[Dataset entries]
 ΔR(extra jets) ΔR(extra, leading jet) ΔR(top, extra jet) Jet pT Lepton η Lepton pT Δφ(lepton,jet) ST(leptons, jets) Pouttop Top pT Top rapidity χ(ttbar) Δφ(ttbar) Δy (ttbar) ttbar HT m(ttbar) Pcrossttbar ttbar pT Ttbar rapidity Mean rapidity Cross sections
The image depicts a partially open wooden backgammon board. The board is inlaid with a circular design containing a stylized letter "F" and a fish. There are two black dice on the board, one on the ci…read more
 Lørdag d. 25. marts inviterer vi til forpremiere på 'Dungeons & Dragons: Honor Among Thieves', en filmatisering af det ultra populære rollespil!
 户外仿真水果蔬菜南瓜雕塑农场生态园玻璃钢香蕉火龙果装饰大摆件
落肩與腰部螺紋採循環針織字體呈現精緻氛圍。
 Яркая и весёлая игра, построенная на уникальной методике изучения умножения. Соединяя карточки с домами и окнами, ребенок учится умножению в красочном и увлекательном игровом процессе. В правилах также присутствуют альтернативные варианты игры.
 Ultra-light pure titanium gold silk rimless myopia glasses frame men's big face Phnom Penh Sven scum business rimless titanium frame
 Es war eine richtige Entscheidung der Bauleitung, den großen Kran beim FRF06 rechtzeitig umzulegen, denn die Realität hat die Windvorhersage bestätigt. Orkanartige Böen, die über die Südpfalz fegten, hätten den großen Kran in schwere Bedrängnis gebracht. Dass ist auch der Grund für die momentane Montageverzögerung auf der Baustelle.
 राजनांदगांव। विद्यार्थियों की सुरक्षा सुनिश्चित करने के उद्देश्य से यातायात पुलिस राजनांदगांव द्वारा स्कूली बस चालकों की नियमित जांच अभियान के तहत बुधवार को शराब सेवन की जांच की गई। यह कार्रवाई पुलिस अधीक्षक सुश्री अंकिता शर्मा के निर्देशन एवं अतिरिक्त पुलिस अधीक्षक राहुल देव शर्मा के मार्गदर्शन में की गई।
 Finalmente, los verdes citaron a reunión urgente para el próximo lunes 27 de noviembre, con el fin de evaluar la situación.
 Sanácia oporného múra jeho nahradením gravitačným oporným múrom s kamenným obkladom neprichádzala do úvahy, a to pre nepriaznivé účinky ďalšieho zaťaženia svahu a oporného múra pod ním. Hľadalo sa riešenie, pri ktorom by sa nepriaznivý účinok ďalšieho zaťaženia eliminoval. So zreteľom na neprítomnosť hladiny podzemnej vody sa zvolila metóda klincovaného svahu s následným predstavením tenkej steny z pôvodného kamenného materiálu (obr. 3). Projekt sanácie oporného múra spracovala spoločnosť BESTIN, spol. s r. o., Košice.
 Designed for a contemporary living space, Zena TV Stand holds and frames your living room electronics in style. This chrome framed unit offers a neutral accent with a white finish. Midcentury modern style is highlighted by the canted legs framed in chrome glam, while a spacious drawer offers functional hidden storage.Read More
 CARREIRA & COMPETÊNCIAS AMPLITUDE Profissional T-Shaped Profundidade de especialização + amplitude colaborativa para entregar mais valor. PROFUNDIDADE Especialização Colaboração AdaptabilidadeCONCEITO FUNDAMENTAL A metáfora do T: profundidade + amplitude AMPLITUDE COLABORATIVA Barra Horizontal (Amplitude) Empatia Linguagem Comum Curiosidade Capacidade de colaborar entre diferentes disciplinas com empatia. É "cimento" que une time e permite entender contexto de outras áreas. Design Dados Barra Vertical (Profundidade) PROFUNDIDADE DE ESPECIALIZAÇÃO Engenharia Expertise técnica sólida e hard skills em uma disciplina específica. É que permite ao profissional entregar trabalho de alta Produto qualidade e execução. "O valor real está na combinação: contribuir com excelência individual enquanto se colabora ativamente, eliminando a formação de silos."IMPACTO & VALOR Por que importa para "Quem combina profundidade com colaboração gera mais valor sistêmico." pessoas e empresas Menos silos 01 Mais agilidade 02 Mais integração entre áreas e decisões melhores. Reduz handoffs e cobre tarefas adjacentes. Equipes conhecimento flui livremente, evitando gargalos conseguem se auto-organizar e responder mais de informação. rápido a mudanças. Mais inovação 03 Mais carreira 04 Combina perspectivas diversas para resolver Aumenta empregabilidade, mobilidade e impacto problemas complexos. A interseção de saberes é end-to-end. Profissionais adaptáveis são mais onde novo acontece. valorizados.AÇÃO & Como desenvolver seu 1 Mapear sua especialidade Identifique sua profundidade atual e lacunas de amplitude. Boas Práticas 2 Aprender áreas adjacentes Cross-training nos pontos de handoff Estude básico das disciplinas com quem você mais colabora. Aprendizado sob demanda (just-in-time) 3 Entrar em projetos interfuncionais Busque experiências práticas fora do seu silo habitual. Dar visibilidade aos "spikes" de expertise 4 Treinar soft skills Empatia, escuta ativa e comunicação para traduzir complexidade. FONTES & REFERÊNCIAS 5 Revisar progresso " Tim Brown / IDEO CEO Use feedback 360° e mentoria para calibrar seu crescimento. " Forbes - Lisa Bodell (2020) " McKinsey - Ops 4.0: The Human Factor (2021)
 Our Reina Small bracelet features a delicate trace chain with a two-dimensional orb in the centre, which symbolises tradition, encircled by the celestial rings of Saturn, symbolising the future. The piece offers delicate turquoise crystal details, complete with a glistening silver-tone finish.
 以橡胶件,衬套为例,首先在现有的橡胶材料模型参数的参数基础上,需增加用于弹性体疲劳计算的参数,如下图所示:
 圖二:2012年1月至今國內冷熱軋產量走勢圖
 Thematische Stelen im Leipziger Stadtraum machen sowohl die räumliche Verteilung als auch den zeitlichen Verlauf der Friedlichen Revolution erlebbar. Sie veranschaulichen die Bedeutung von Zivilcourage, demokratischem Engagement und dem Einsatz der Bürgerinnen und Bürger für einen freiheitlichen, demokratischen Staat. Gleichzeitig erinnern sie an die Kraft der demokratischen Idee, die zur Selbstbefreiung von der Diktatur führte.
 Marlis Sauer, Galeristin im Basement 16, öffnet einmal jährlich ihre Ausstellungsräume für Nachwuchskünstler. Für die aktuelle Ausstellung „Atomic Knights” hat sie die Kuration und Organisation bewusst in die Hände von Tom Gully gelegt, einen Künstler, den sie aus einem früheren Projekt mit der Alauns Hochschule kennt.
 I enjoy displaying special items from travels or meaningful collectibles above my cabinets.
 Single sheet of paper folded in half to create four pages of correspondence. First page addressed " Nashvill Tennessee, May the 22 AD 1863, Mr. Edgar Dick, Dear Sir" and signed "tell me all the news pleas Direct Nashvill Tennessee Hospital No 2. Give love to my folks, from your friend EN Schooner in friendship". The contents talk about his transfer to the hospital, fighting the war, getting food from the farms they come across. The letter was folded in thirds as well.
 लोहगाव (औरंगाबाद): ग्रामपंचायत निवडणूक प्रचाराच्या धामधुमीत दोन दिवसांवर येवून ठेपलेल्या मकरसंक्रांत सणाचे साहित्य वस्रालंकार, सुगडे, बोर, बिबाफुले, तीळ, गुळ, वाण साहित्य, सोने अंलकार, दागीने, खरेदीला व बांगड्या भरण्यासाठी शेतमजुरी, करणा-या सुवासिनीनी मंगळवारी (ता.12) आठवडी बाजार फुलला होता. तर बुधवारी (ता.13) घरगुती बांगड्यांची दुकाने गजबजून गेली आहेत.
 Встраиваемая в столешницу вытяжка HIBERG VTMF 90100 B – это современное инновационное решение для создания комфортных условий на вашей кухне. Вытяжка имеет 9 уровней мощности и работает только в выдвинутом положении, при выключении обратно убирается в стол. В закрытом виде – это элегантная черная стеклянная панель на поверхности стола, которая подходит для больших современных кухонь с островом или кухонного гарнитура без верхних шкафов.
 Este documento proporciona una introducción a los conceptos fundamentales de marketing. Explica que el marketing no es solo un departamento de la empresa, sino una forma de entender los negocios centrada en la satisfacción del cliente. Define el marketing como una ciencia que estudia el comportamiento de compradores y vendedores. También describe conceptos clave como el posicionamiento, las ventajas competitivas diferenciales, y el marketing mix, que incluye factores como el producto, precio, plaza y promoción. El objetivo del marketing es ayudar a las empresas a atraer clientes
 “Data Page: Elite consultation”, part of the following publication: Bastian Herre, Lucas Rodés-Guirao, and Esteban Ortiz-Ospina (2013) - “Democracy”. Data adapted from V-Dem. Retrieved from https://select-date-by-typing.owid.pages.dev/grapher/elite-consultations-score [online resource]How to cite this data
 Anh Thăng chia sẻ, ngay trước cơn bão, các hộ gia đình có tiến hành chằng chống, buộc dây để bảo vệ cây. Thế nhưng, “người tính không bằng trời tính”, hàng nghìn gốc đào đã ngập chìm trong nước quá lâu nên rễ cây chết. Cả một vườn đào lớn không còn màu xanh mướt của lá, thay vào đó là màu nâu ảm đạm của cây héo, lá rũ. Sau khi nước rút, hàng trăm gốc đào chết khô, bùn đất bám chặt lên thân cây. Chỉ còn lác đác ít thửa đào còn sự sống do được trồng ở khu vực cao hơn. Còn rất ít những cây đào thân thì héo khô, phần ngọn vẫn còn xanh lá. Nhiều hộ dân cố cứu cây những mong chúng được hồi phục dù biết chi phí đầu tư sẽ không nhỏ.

### Your goal
Extract the first line above and each line after it up to and including the one with "Ultra-light pure titanium", please, exactly and with nothing else.

### Written response
 ΔR(extra jets) ΔR(extra, leading jet) ΔR(top, extra jet) Jet pT Lepton η Lepton pT Δφ(lepton,jet) ST(leptons, jets) Pouttop Top pT Top rapidity χ(ttbar) Δφ(ttbar) Δy (ttbar) ttbar HT m(ttbar) Pcrossttbar ttbar pT Ttbar rapidity Mean rapidity Cross sections
The image depicts a partially open wooden backgammon board. The board is inlaid with a circular design containing a stylized letter "F" and a fish. There are two black dice on the board, one on the ci…read more
 Lørdag d. 25. marts inviterer vi til forpremiere på 'Dungeons & Dragons: Honor Among Thieves', en filmatisering af det ultra populære rollespil!
 户外仿真水果蔬菜南瓜雕塑农场生态园玻璃钢香蕉火龙果装饰大摆件
落肩與腰部螺紋採循環針織字體呈現精緻氛圍。
 Яркая и весёлая игра, построенная на уникальной методике изучения умножения. Соединяя карточки с домами и окнами, ребенок учится умножению в красочном и увлекательном игровом процессе. В правилах также присутствуют альтернативные варианты игры.
 Ultra-light pure titanium gold silk rimless myopia glasses frame men's big face Phnom Penh Sven scum business rimless titanium frame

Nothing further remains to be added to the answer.